Whew. Lots of crying babies here. My nieces are adorable when they’re fresh but when they get a little tired and ornery, look out. They’ve got some pipes.


Bolton 3, Ars* 1 — You’ll be hard pressed to find me cheering for Bolton’s best rugby side, but today is one such day. Hello Arse. That’s you, twelve points off the title chase. Thanks for playing.

I can hardly wait to see what Arse Whinger has to say. There are a number of reasons why I can’t stand Ars*nal and the incessant whining (from both managers and players) ranks right up at the top. Apparently, Whinger feels that other teams need to open up and let his side walk the ball into the goal and has said a thousand times that their opponents play negative football. And while that may be true, aren’t they doing that to Man Ure and Chelski as well? Yet those teams have a dozen more points. Hmmm.

/
I finished In Cold Blood Wednesday and thought it was great. Amy got Capote through Netflix and we watched half of it last night. I’m relatively unimpressed. Hoffman does a great job being Capote but the film has a scattershot feel to it like it’s trying to do too much. They probably would have been better served to focus on a single element: the effeminate Capote trying to pull the story from the rural Kansas folk; his searching for the story amidst the research; Capote’s relationship with Perry Smith. The last is clearly the film’s intent but, if that’s the case, then too much is made of the others. There’s also an inordinate amount of focus on Harper Lee. I find her part in the larger story fascinating, but this is a two-hour movie, not a two-week miniseries. For a writer, I think the tandem of reading the book and following up with the movie is great. I’m getting a lot more out of it than if I’d had one without the other.
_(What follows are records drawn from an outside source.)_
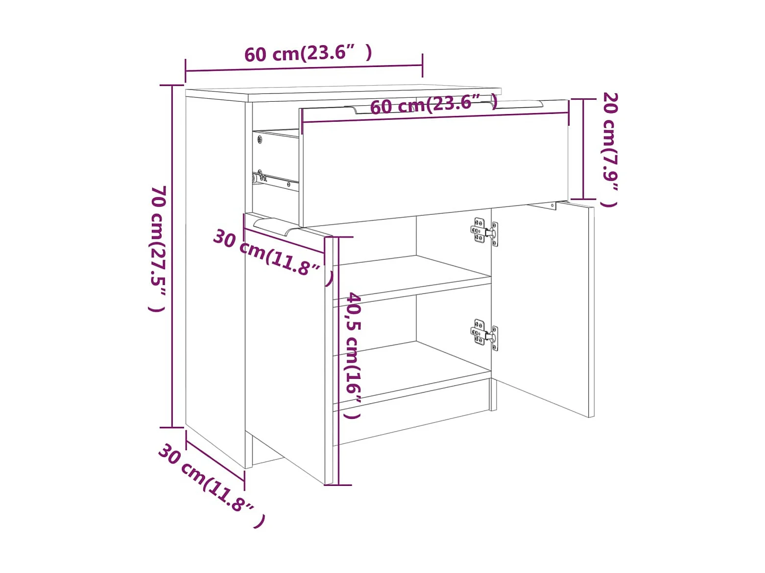 Credenza buffet cassettiera mobile contenitore organizer cucina soggiorno soggiorno 60 x 30 x 70 cm derivati del legno marrone 02_0031275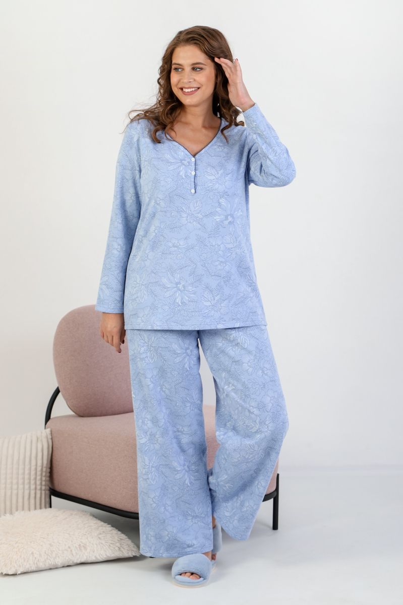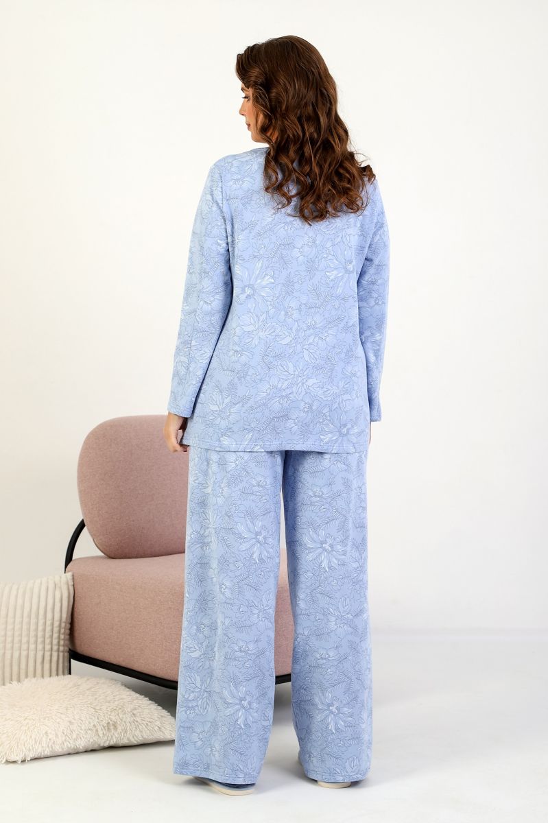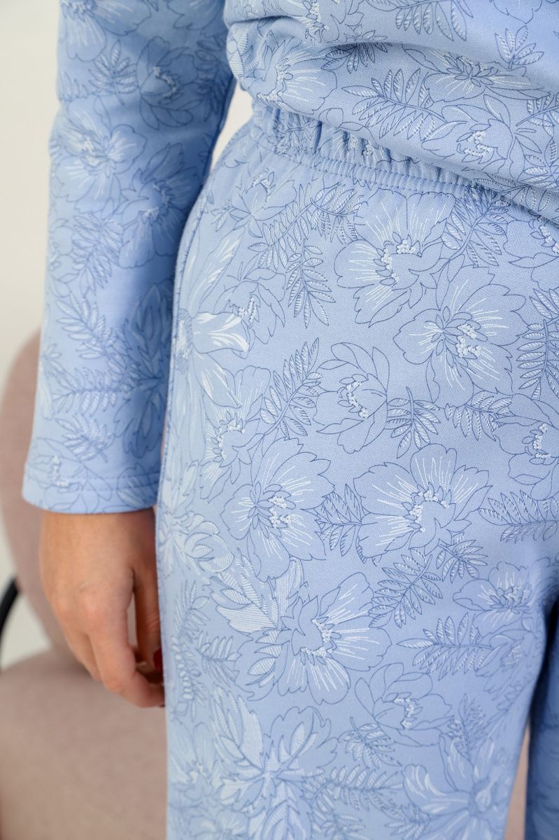 Пижама из трикотажного полотна «футер-двунитка с начесом» с набивным рисунком, состоящая из футболки и брюк.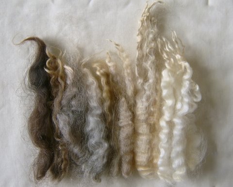 Developed in England during the 18th century, this breed produces large, long-legged animals with a highly lustrous, coarser fibre that forms flat open fleece locks. Annual growth is in excess of 150 mm (6 inches). Coarser fleeces are ideal for hard-wearing rugs and furnishings, and for doll’s hair, whereas finer English Leicester fleeces are great for outerwear as well as furnishings.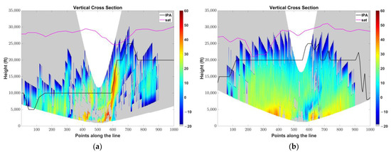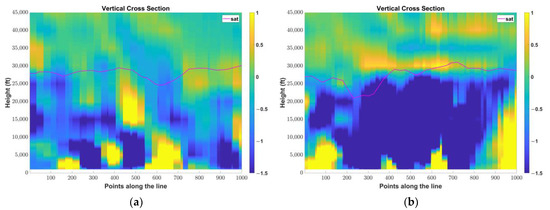 As the results of the IPA are based on the COSMO-GR NWPs, it is worth exploring the behavior of vertical velocity at the selected cross sections. Figure 21 illustrates the vertical velocity in the form of omega (ω), as was implemented by the membership function, at cross sections 1 and 2 on 12 March 2019 at 12UTC and 18UTC, respectively, together with the corresponding satellite cloud top height. It is reminded that negative ω corresponds to upward air motion, thus at 12 UTC (Figure 21a) COSMO-GR predicted upward and downward air motion alongside to each other (mainly from point 250 to 550) at cross section 1 within the first 10,000 ft from the surface and the values of ωexceeded −1.5 Pa s−1 or +1 Pas−1. This pattern is indicative of local convective cells within these areas. On the other hand, at 18 UTC (Figure 21b) ω exhibited higher negative values exceeding −1.5 Pa s−1 that expanded over the largest part of cross section 2 (from point 200 to point 850), suggesting more intense convectivity over the region. This is in accordance with the radar reflectivity observed showing the phenomenon expanded and was more active over that part of central Greece (Figure 17b), suggesting vertically developed clouds (up to approximately 25,000 ft) associated with icing formation, as already discussed. Hence, since vertical velocity seems to be a key parameter in the simulations of the particular synoptic situation, its effect on in-flight icing and its relationship with various cloud types and convectivity needs further investigation and is one of the future plans of our research.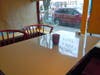 The dining room floor has been completely retiled and the tables and chairs have been replaced. Instead of the former red tabletops, new chrome-based white tables fill the space with red chairs to create a diner-like vibe.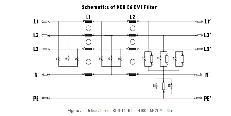 KEB’s E6 series filters are constructed to provide common mode inductance to each phase as well as capacitive coupling between the phases and each phase and ground. Some of KEB’s E6 filters such as the 14E6T60-4100 provide a neutral connection so they can be paired with four wire RCDs in four wire systems. Figure 5 shows a schematic of a 14E6T60-4100 from its data sheet.

I’ve also been reading Fourfront, a selection of modern Irish short stories originally written in Gaelic and then translated into English. This is an assigned reading for my Current Literary Scene class and I’ve really enjoyed it. The stories have a definite “translated” feel to them, whatever that means, and they also have a lot in common with speculative fiction. Or “literary” speculative fiction. Whatever that means. Reading stuff like this for a class feels like a bonus. I would have never checked out this book but it’s really making the wheels turn.